The Nehalem micro-architecture front end can decode up to four instructions per clock cycle. This decoding is the only thing that alternates between the two hardware threads.
The resulting stream of micro-ops (uops) passes to the execution engine, which can have as many as 128 uops in flight at any one time. The execution engine contains a number of features including out-of-order execution, speculative execution, branch prediction and so on...all of which all combine to try to keep as many of the issue ports and available execution units as busy as possible. Nehalem has six issue ports and can process a maximum of 6 uops per clock. The pipelined nature of the execution units means that an operation like an integer multiply can have a latency of 3 clocks (so each operation takes 3 clocks start to finish), but a throughput of 1 clock (so a new integer multiply can be completed every clock).
The normal situation is that the execution units (and pipelines) in Nehalem are under-utilized for a variety of reasons, including instruction mix, cache latency and branch mispredictions.

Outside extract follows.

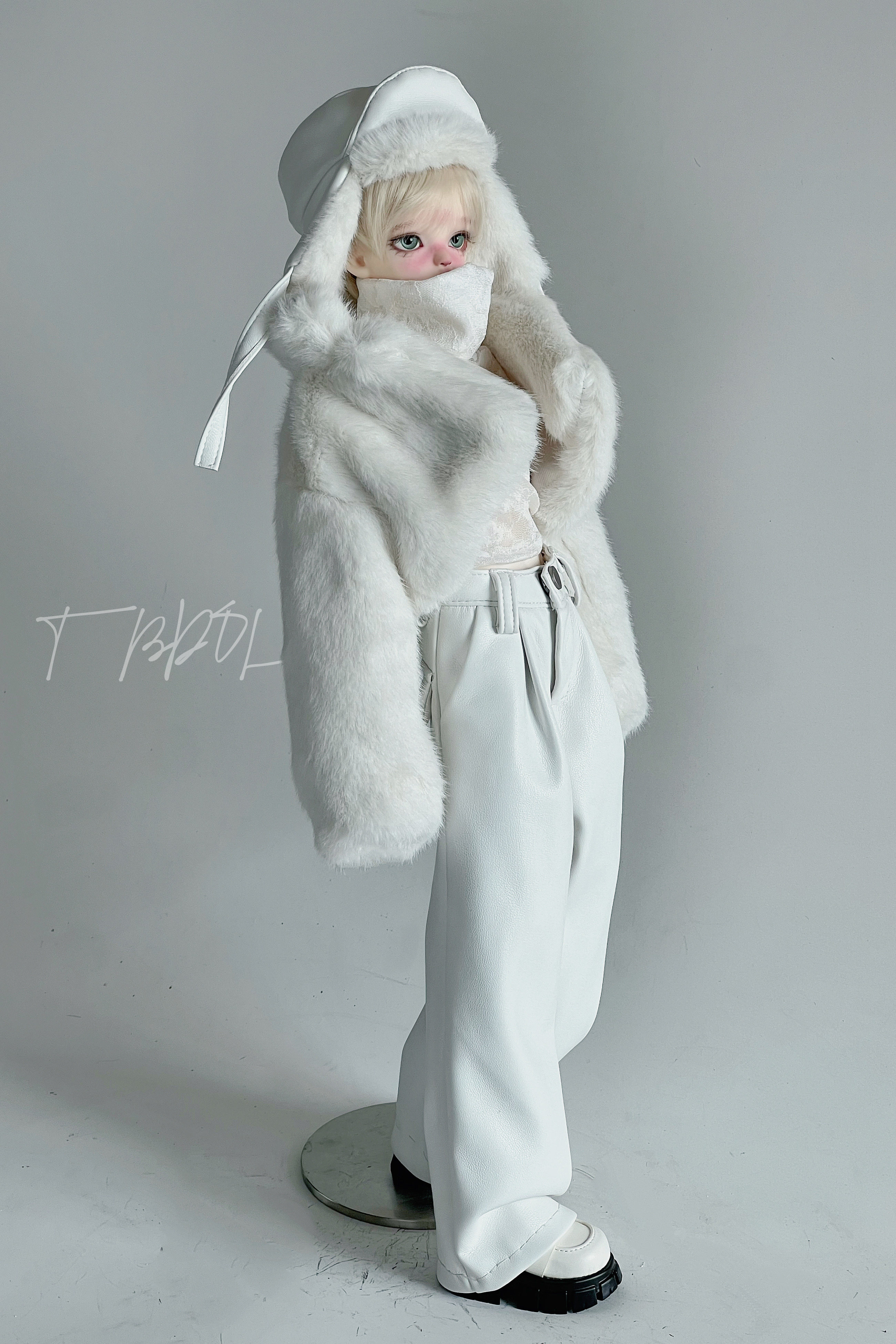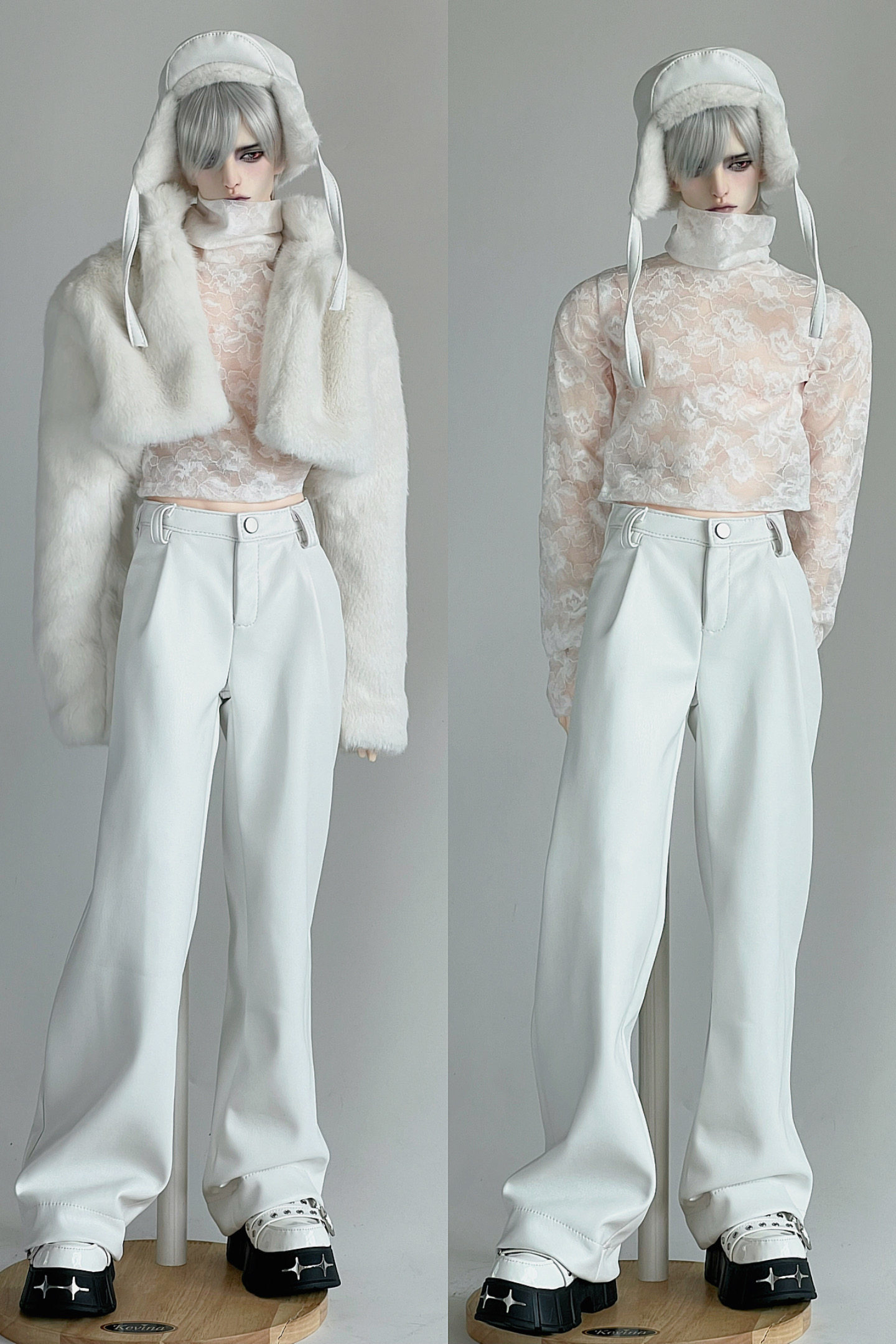 White straight cylinder wide leg leather pants black straight drum leather pants white imitation ferret shorts leather straw jacket black imitation ferret short fur leather grass jacket white elastic lace high collar bottom shirt black elastic lace high collar bottom shirt
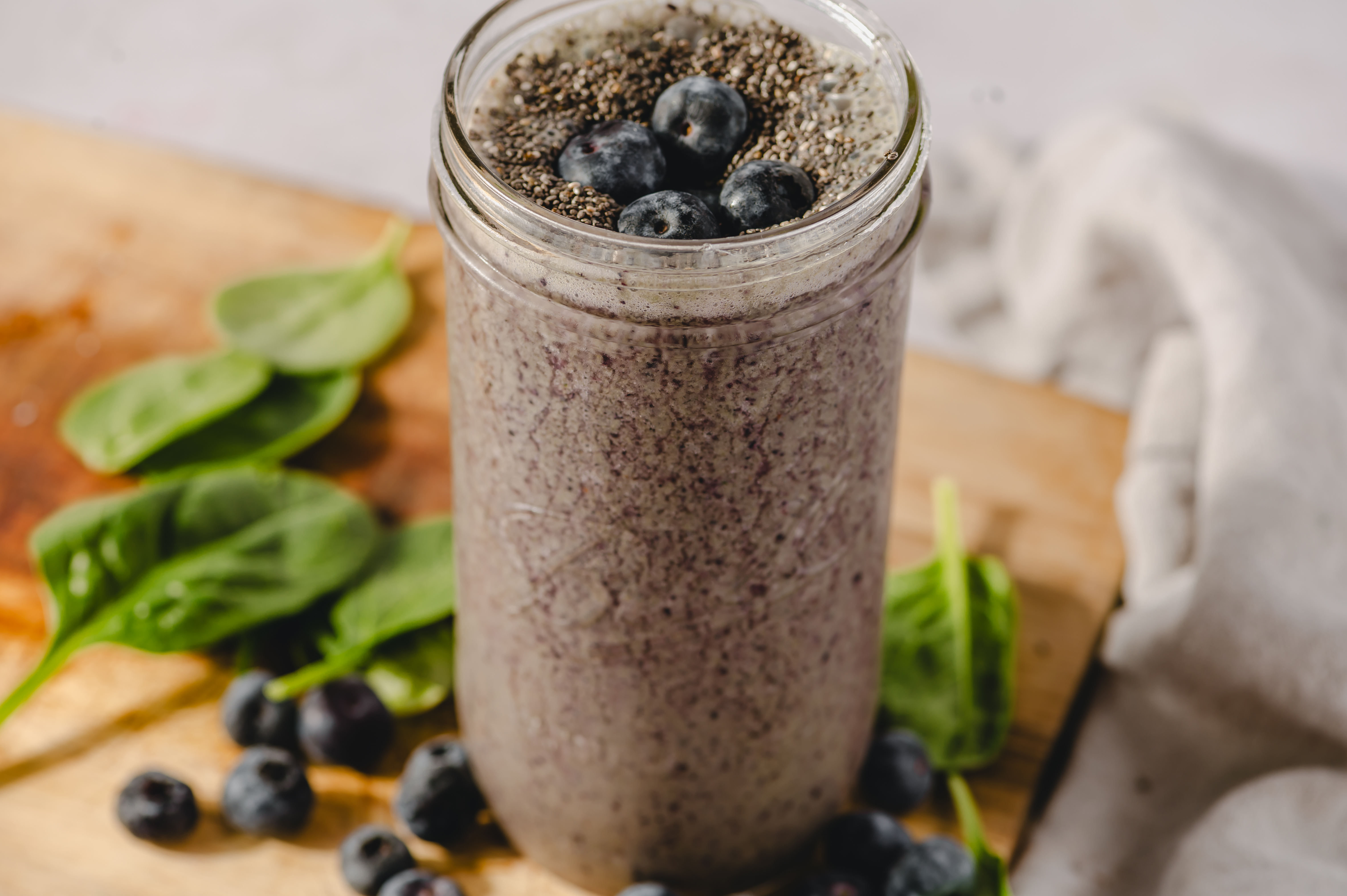 Step 4 -Serve the smoothie in the chilled glass, garnished with the extra blueberries and the chia seeds.

Adding a second hardware thread enhances execution unit and pipeline utilization by providing a greater number and mix of uops.
The execution units are completely unaware of HT - they just operate on the stream of upos. Execution is therefore parallel, with uops from both hardware threads progressing through the pipelines at each clock.
Each logical core is basically only a set of registers.
HT hardware threads are not just a set of registers. Core resources may be replicated (one per hardware thread e.g. register state, return stack buffer, large page TLB), partitioned (statically allocated between threads e.g. small page TLB, reorder buffer), competitively shared (shared between threads according to demand e.g. caches, reservation station), or unaware (HT has no impact e.g. execution units).
Maximum gain i've seen is 120%-130% CPU usage on the two cores.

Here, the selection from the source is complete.